It is no surprise that the front page of most newspapers no longer focuses on the continued devastation caused by the floods. Some of it is fatigue, some of it has to do with the fact that those suffering are poor (and few care about them) and some of it has to do with the juicier stuff happening elsewhere in the political corridors. Just as the water recedes, so does our attention span. This is despite the fact that all indicators suggest a very difficult period ahead for those who have been suffering or are displaced. The number of people dying from water-borne infection are staggering, the rates of spread of disease among the displaced are alarming by any standard, and the reports from the makeshift settlements speak of hunger, misery and general neglect.
Speaking to colleagues in academic institutions and NGOs, there is a sense that we need more “things” — more tools to forecast, more beds and tents, more medicines, more food, etc. There is no question that we need all of those, and we need them badly, but we need more than just things. The material things and tools help with the short-term challenge, but not long-term rehabilitation, integration and dignity. Alongside the syringes and the blankets, we need historical understanding, accountability, transparency and above all empathy. We also need to understand why certain communities are forced to live in sub-optimal housing; we need to investigate why year after year, decade after decade, same communities remain vulnerable despite tall claims of development; we need to ask what happens weeks and months after displacement, and why. To figure these things out, we need more than just gadgets of science and engineering, we need humanists and social scientists to help us make sense of it all.

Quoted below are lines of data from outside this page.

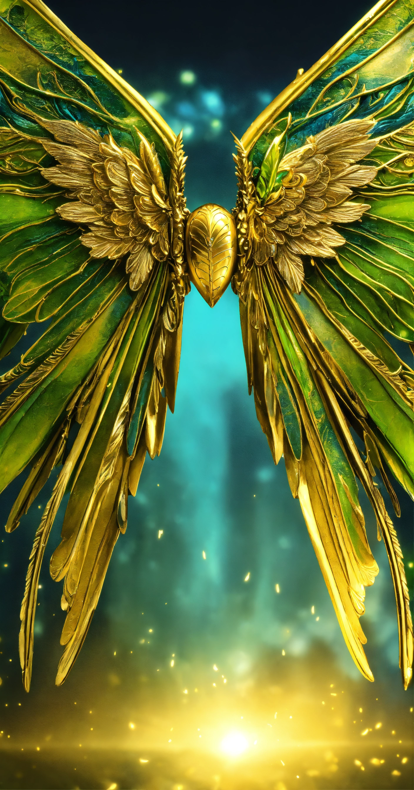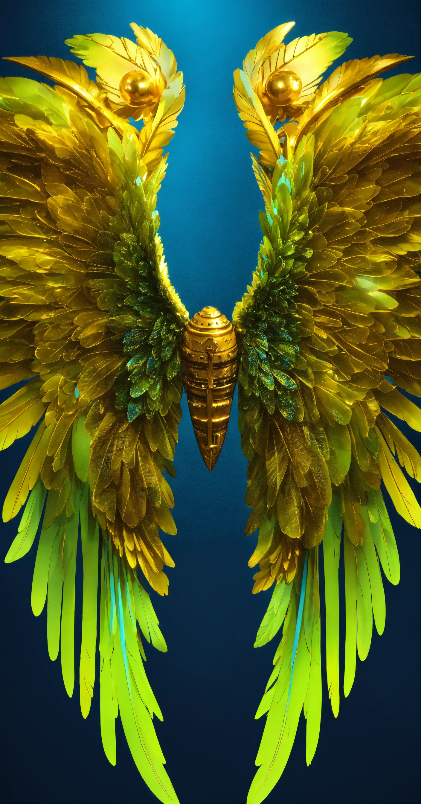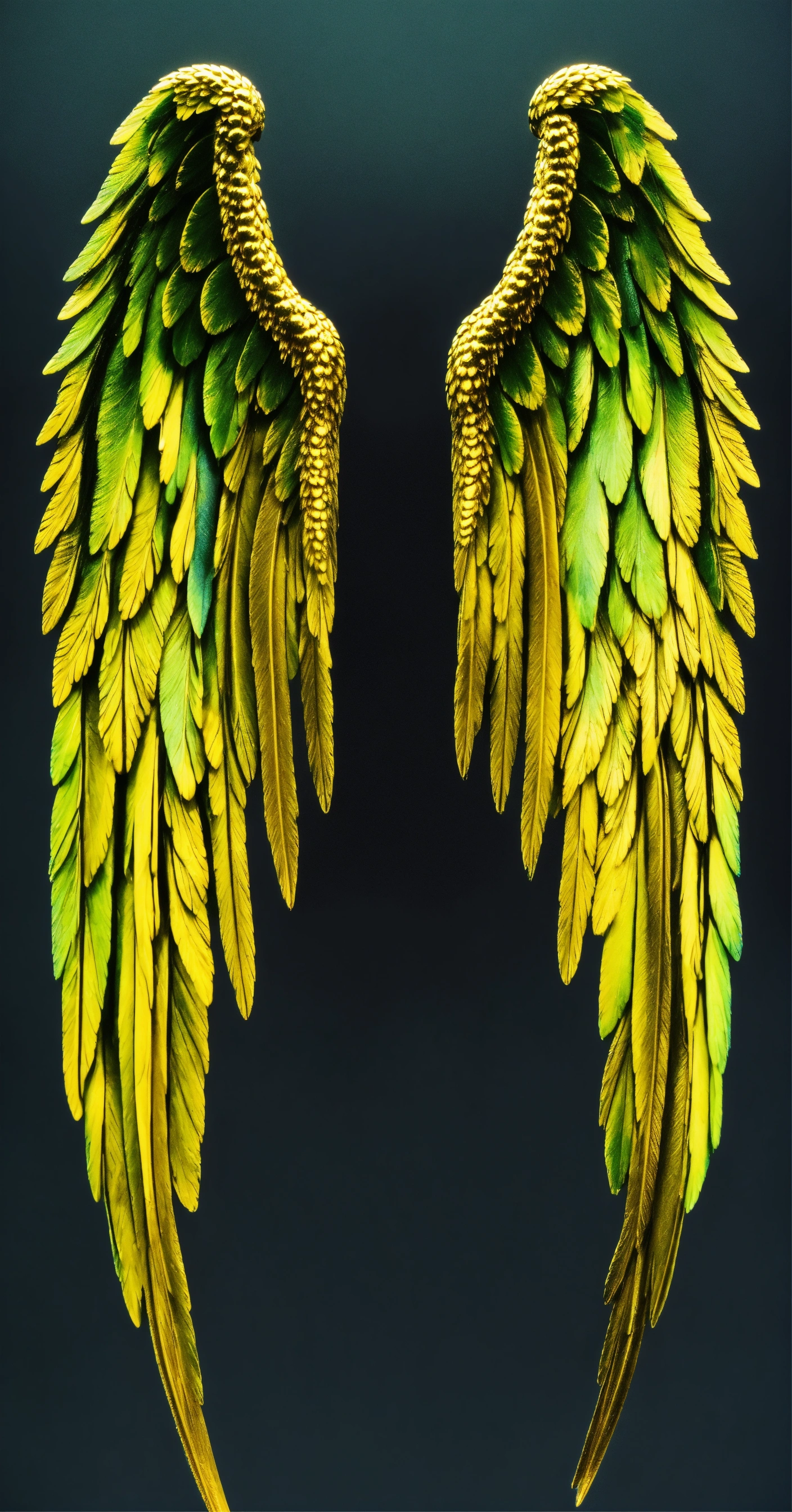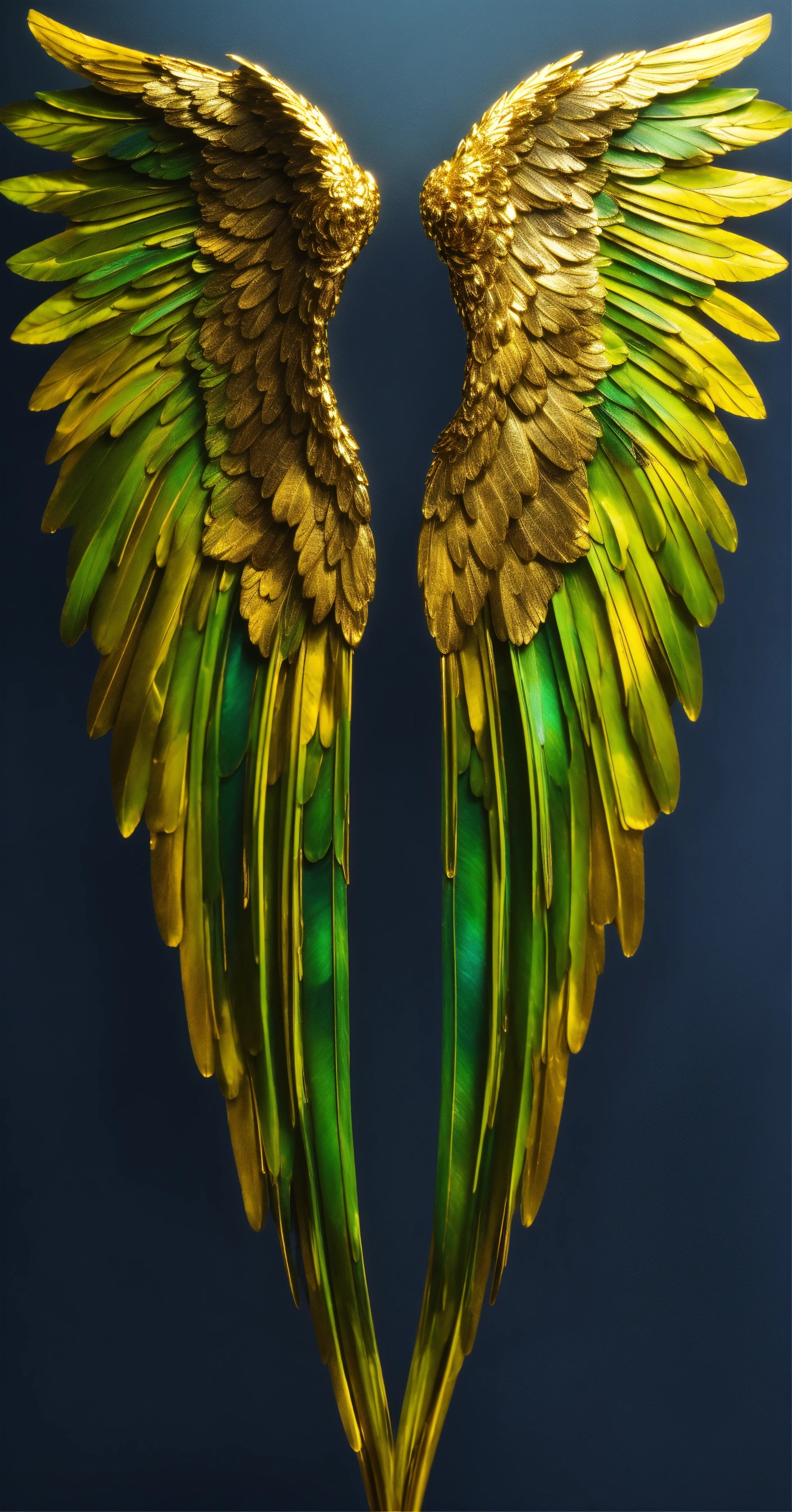 Beautiful and perfect small angel wings in yellow with detailed and defined gold and at the same time some green details. just a pair of small yellow wings with small, complete green. hyper-detailed and hyper-realistic wings. wings with a slight decoration in shades of yellow and gold and green details. small wings complete both the right wing and the left wing, the background is dark blue, 3d, masterpiece. hd. realism. high resolution. high quality. digital art. 8k
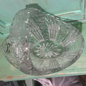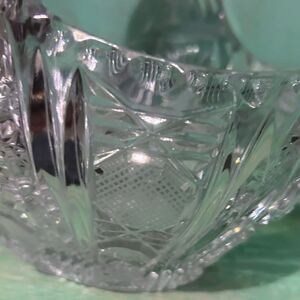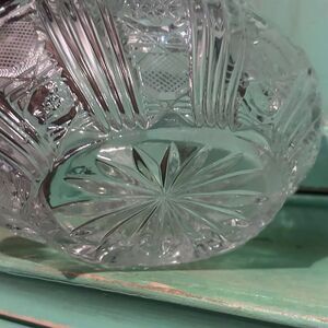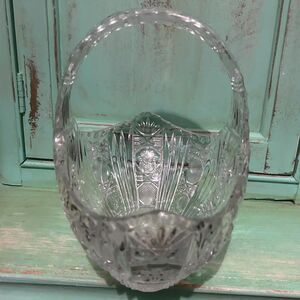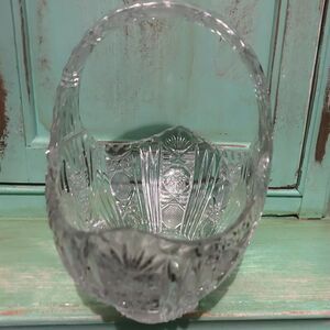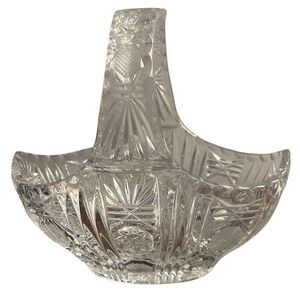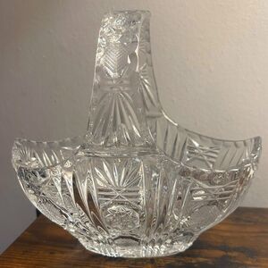Crystal Cut Glass Decorative Basket Bowl with Handle Vintage Candy Dish. Measures 8” L x 6” W at widest point, 8” H. In great vintage/pre-owned condition with no chips, cracks, or other imperfections.
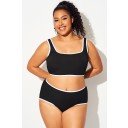 Top De Bikini Negro Con Escote Cuadrado Y Ribete Blanco
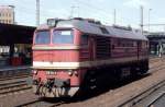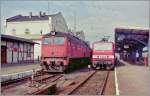 Die  Wumme  120 255, die vor der Wende als Schiebelok in Dresden-Neustadt für die Steilrampe nach Dresden-Klotzsche eingeteilt war, kam Mitte 1988 zu Güterzugehren vor einem Zug nach Bautzen bei Dresden-Klotzsche.
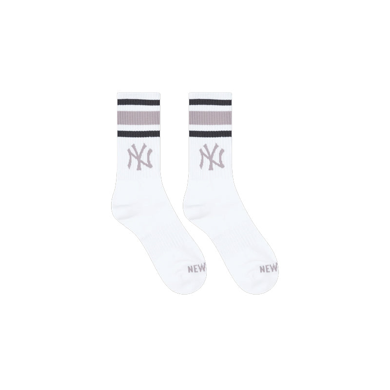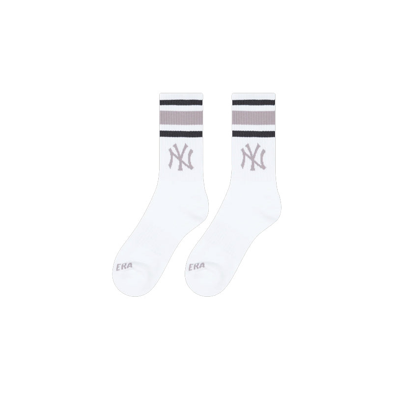 Power through your workout with the official New Era Color Era Rib Crew Socks. Two pairs per pack. Rendered in white, the design boasts colorful stripes near the cuffs, a Yankees emblem on the front and New Era wordmark on the arch bands. Both logos are embroidered in a matching color.
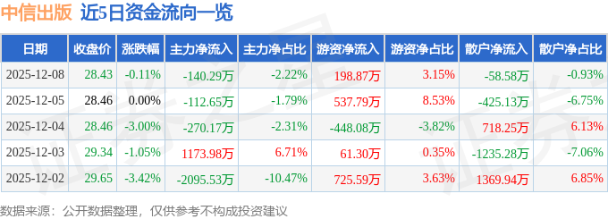 证券之星消息,截至2025年12月8日收盘,中信出版(300788)报收于28.43元,下跌0.11%,换手率1.16%,成交量2.21万手,成交额6306.96万元。

There is no question that technological tools, in myriad ways, are necessary in the rebuilding effort. But there seems to be an exclusive emphasis on the technologies, while important questions about local history and historical exclusion from social programmes, xenophobia, lack of participation in local governance, corruption at the local and the regional level and accountability are considered frivolous. There is a general perception among many of my own colleagues in sciences and engineering, that these questions have little relevance in solving our grand challenges. There is a sense that our problems would be resolved if we invest heavily in science and make the appropriate tools available.

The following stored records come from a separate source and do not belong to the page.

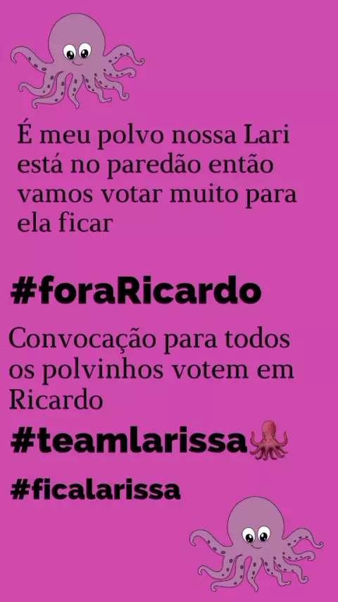 votem muito pra nossa Larii ficar meu polvo 🐙 #TeamLarissa #larissavencedora #BBB #FORARICARDO #Larissa
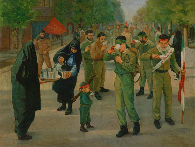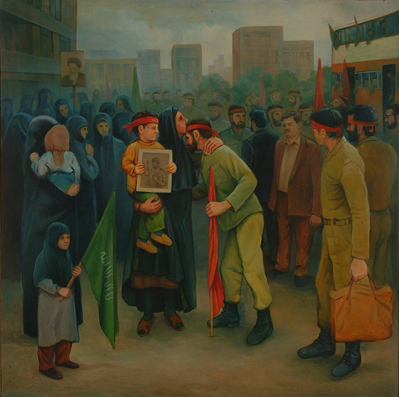 نگاهی به یک لحظه ساده. اتفاقهایی که شاید به راحتی از کنارشان عبور میکنیم. گویی در ثانیه ای بعد همه عناصر جای خود را تغییر میدهند. نقاشی صادقانه بدون تکلف. این ها همه مشخصه های کار حسن رزمخواه در مجموعه نقاشی های جنگ اوست. رزمخواه که جوانی خود را در زمان جنگ سپری کرده است، به گوشه هایی از جنگ اشاره میکند که شاید ساده باشد اما این سادگی بر هنرمند نقاش پوشیده نیست.
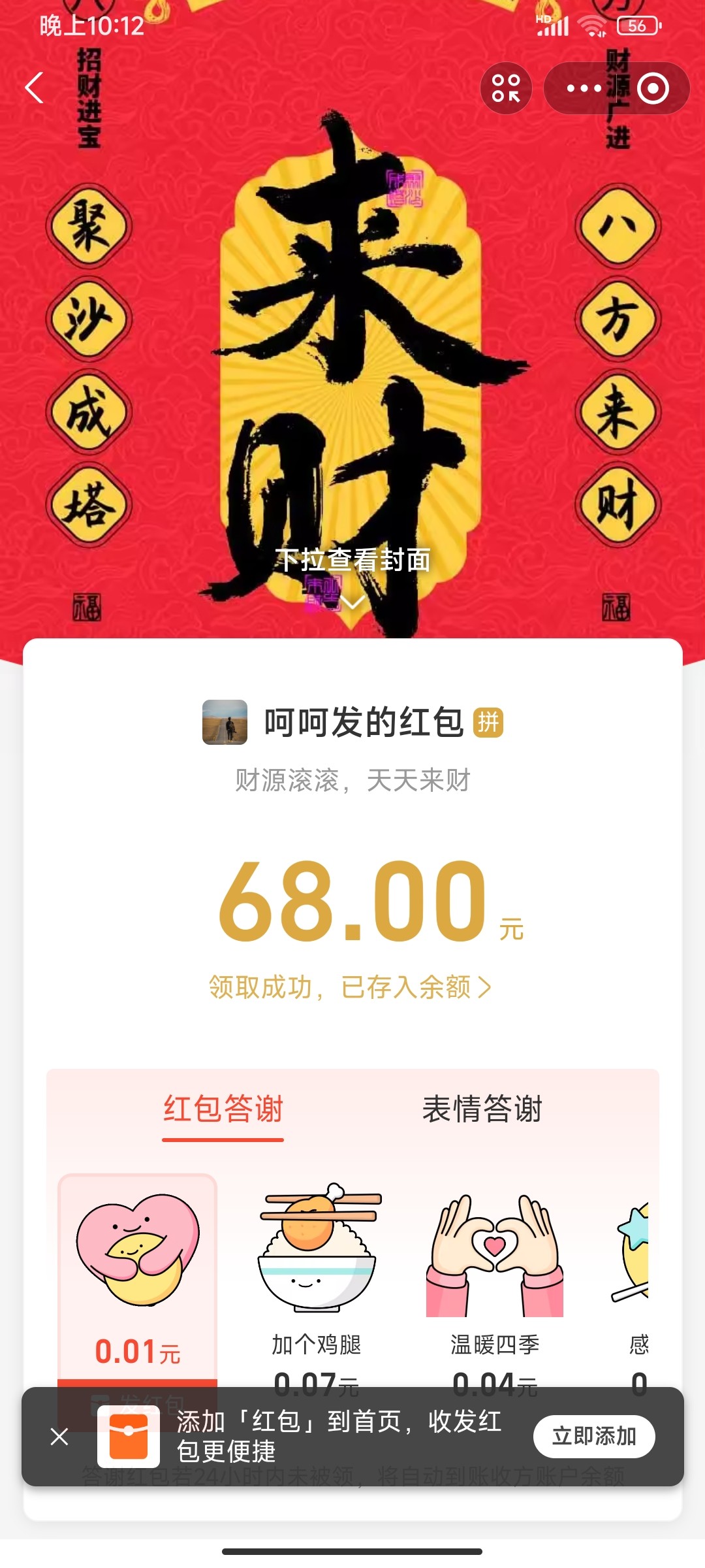 收到68红包
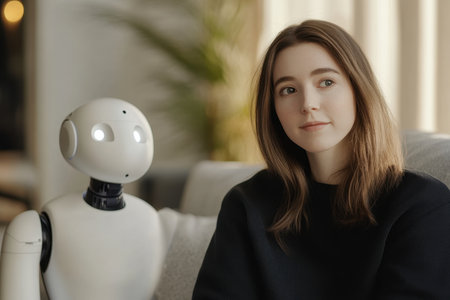 A friendly robot sits next to a young woman in a cozy living room, creating a warm atmosphere with natural light.

Nothing could be farther from the truth. After spending nearly a decade working on issues of forced displacement — because of conflict, climate and persecution — I have learned that technological tools to address malnutrition, disease and housing issues are likely to fail miserably unless they are connected with a deeper understanding of culture, society, governance, local economics and local politics. Historical analysis holds important insights that cannot be gathered from a latest satellite map. Reflecting on intergenerational trauma and exclusion can help us understand issues that computer simulations cannot. Having treatment centres is critical, but they are unlikely to do anything unless you build trust. The point is not to quantitatively score which one is more important on any given day, but to realise that without approaches and methodologies rooted in humanities and social sciences, we are unlikely to make any real progress in addressing stubborn problems at the core of why so many people in our midst suffer so frequently, and so much.
So before we all start singing the praises of the next grand plan with all the current buzzwords from nano something or the other to AI that will apparently solve all our problems, we should recognise that our greatest challenge lies in not taking the time to know our own people and their condition. Our greatest problem is our apathy, and there is no app to fix that.
Published in The Express Tribune, September 27th, 2022.